__ACTIVITY__. Without changing anything, copy out each entry.

__SUPPLIED DATA__.
+ + + +

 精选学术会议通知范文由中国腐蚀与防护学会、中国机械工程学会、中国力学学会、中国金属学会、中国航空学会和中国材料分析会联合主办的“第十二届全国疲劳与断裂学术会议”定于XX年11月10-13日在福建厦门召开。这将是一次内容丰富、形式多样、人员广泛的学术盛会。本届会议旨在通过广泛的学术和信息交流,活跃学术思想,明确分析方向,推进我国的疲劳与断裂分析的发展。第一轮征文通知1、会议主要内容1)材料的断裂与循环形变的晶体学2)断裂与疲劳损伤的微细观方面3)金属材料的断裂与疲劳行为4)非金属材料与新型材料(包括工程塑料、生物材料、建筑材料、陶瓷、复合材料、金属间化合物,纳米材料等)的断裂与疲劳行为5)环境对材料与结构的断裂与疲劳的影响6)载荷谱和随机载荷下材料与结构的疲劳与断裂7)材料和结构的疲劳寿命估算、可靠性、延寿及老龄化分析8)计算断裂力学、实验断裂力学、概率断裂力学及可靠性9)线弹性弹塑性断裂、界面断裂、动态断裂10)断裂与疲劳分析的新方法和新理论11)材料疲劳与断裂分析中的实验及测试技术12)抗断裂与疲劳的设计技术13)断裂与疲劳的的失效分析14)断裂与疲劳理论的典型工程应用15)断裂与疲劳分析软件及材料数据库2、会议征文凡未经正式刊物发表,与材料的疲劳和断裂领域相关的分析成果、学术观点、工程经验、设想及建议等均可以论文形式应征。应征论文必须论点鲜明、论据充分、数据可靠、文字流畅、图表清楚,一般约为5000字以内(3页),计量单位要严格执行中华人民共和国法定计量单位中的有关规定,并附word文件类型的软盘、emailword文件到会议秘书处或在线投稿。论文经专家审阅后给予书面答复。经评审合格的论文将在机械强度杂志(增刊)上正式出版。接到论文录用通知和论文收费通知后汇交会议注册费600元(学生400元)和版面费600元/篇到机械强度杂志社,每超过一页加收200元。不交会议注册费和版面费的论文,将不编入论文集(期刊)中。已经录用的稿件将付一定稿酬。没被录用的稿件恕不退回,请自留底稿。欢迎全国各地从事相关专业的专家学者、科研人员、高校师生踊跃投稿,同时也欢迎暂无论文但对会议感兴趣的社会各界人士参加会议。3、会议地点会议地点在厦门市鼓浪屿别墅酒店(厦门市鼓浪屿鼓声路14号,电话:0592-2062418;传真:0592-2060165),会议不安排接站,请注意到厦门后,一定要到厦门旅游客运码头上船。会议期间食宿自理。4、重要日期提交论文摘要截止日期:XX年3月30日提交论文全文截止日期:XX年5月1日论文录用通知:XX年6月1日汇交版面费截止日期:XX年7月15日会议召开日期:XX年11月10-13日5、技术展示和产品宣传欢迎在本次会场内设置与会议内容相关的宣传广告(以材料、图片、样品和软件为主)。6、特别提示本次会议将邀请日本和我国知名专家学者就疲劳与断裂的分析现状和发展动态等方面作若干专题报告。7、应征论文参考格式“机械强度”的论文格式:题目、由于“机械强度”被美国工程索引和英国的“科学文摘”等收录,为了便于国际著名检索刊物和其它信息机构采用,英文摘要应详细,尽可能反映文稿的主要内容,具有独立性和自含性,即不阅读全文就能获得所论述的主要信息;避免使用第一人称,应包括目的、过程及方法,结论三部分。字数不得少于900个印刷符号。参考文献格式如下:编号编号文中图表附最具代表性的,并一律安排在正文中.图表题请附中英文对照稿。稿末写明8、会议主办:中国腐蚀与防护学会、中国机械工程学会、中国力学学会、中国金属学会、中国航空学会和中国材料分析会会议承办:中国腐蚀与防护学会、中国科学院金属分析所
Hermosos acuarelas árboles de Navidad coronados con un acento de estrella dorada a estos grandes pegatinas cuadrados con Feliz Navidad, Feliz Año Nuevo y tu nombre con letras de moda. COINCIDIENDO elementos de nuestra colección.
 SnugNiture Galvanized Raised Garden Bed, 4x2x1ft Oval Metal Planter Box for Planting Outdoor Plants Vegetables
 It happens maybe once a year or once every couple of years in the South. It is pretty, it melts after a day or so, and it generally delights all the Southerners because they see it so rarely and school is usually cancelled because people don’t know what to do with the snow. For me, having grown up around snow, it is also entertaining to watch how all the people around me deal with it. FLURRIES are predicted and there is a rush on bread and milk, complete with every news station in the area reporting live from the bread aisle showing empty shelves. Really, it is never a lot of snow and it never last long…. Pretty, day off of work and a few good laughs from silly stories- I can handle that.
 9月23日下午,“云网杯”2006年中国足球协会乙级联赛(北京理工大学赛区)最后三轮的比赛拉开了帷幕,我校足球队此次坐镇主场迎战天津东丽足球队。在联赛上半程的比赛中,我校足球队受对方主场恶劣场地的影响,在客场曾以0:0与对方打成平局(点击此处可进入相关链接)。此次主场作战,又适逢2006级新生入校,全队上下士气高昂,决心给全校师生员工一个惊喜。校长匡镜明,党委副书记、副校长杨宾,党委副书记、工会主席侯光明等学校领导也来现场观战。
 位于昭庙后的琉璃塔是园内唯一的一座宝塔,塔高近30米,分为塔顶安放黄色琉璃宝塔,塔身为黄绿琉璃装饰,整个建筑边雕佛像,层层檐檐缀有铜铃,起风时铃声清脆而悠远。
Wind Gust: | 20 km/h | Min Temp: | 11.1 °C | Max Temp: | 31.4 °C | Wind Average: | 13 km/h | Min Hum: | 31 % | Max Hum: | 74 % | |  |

+ + + +

__WRITTEN ANSWER__.
 精选学术会议通知范文由中国腐蚀与防护学会、中国机械工程学会、中国力学学会、中国金属学会、中国航空学会和中国材料分析会联合主办的“第十二届全国疲劳与断裂学术会议”定于XX年11月10-13日在福建厦门召开。这将是一次内容丰富、形式多样、人员广泛的学术盛会。本届会议旨在通过广泛的学术和信息交流,活跃学术思想,明确分析方向,推进我国的疲劳与断裂分析的发展。第一轮征文通知1、会议主要内容1)材料的断裂与循环形变的晶体学2)断裂与疲劳损伤的微细观方面3)金属材料的断裂与疲劳行为4)非金属材料与新型材料(包括工程塑料、生物材料、建筑材料、陶瓷、复合材料、金属间化合物,纳米材料等)的断裂与疲劳行为5)环境对材料与结构的断裂与疲劳的影响6)载荷谱和随机载荷下材料与结构的疲劳与断裂7)材料和结构的疲劳寿命估算、可靠性、延寿及老龄化分析8)计算断裂力学、实验断裂力学、概率断裂力学及可靠性9)线弹性弹塑性断裂、界面断裂、动态断裂10)断裂与疲劳分析的新方法和新理论11)材料疲劳与断裂分析中的实验及测试技术12)抗断裂与疲劳的设计技术13)断裂与疲劳的的失效分析14)断裂与疲劳理论的典型工程应用15)断裂与疲劳分析软件及材料数据库2、会议征文凡未经正式刊物发表,与材料的疲劳和断裂领域相关的分析成果、学术观点、工程经验、设想及建议等均可以论文形式应征。应征论文必须论点鲜明、论据充分、数据可靠、文字流畅、图表清楚,一般约为5000字以内(3页),计量单位要严格执行中华人民共和国法定计量单位中的有关规定,并附word文件类型的软盘、emailword文件到会议秘书处或在线投稿。论文经专家审阅后给予书面答复。经评审合格的论文将在机械强度杂志(增刊)上正式出版。接到论文录用通知和论文收费通知后汇交会议注册费600元(学生400元)和版面费600元/篇到机械强度杂志社,每超过一页加收200元。不交会议注册费和版面费的论文,将不编入论文集(期刊)中。已经录用的稿件将付一定稿酬。没被录用的稿件恕不退回,请自留底稿。欢迎全国各地从事相关专业的专家学者、科研人员、高校师生踊跃投稿,同时也欢迎暂无论文但对会议感兴趣的社会各界人士参加会议。3、会议地点会议地点在厦门市鼓浪屿别墅酒店(厦门市鼓浪屿鼓声路14号,电话:0592-2062418;传真:0592-2060165),会议不安排接站,请注意到厦门后,一定要到厦门旅游客运码头上船。会议期间食宿自理。4、重要日期提交论文摘要截止日期:XX年3月30日提交论文全文截止日期:XX年5月1日论文录用通知:XX年6月1日汇交版面费截止日期:XX年7月15日会议召开日期:XX年11月10-13日5、技术展示和产品宣传欢迎在本次会场内设置与会议内容相关的宣传广告(以材料、图片、样品和软件为主)。6、特别提示本次会议将邀请日本和我国知名专家学者就疲劳与断裂的分析现状和发展动态等方面作若干专题报告。7、应征论文参考格式“机械强度”的论文格式:题目、由于“机械强度”被美国工程索引和英国的“科学文摘”等收录,为了便于国际著名检索刊物和其它信息机构采用,英文摘要应详细,尽可能反映文稿的主要内容,具有独立性和自含性,即不阅读全文就能获得所论述的主要信息;避免使用第一人称,应包括目的、过程及方法,结论三部分。字数不得少于900个印刷符号。参考文献格式如下:编号编号文中图表附最具代表性的,并一律安排在正文中.图表题请附中英文对照稿。稿末写明8、会议主办:中国腐蚀与防护学会、中国机械工程学会、中国力学学会、中国金属学会、中国航空学会和中国材料分析会会议承办:中国腐蚀与防护学会、中国科学院金属分析所
Hermosos acuarelas árboles de Navidad coronados con un acento de estrella dorada a estos grandes pegatinas cuadrados con Feliz Navidad, Feliz Año Nuevo y tu nombre con letras de moda. COINCIDIENDO elementos de nuestra colección.
 SnugNiture Galvanized Raised Garden Bed, 4x2x1ft Oval Metal Planter Box for Planting Outdoor Plants Vegetables
 It happens maybe once a year or once every couple of years in the South. It is pretty, it melts after a day or so, and it generally delights all the Southerners because they see it so rarely and school is usually cancelled because people don’t know what to do with the snow. For me, having grown up around snow, it is also entertaining to watch how all the people around me deal with it. FLURRIES are predicted and there is a rush on bread and milk, complete with every news station in the area reporting live from the bread aisle showing empty shelves. Really, it is never a lot of snow and it never last long…. Pretty, day off of work and a few good laughs from silly stories- I can handle that.
 9月23日下午,“云网杯”2006年中国足球协会乙级联赛(北京理工大学赛区)最后三轮的比赛拉开了帷幕,我校足球队此次坐镇主场迎战天津东丽足球队。在联赛上半程的比赛中,我校足球队受对方主场恶劣场地的影响,在客场曾以0:0与对方打成平局(点击此处可进入相关链接)。此次主场作战,又适逢2006级新生入校,全队上下士气高昂,决心给全校师生员工一个惊喜。校长匡镜明,党委副书记、副校长杨宾,党委副书记、工会主席侯光明等学校领导也来现场观战。
 位于昭庙后的琉璃塔是园内唯一的一座宝塔,塔高近30米,分为塔顶安放黄色琉璃宝塔,塔身为黄绿琉璃装饰,整个建筑边雕佛像,层层檐檐缀有铜铃,起风时铃声清脆而悠远。
Wind Gust: | 20 km/h | Min Temp: | 11.1 °C | Max Temp: | 31.4 °C | Wind Average: | 13 km/h | Min Hum: | 31 % | Max Hum: | 74 % | |  |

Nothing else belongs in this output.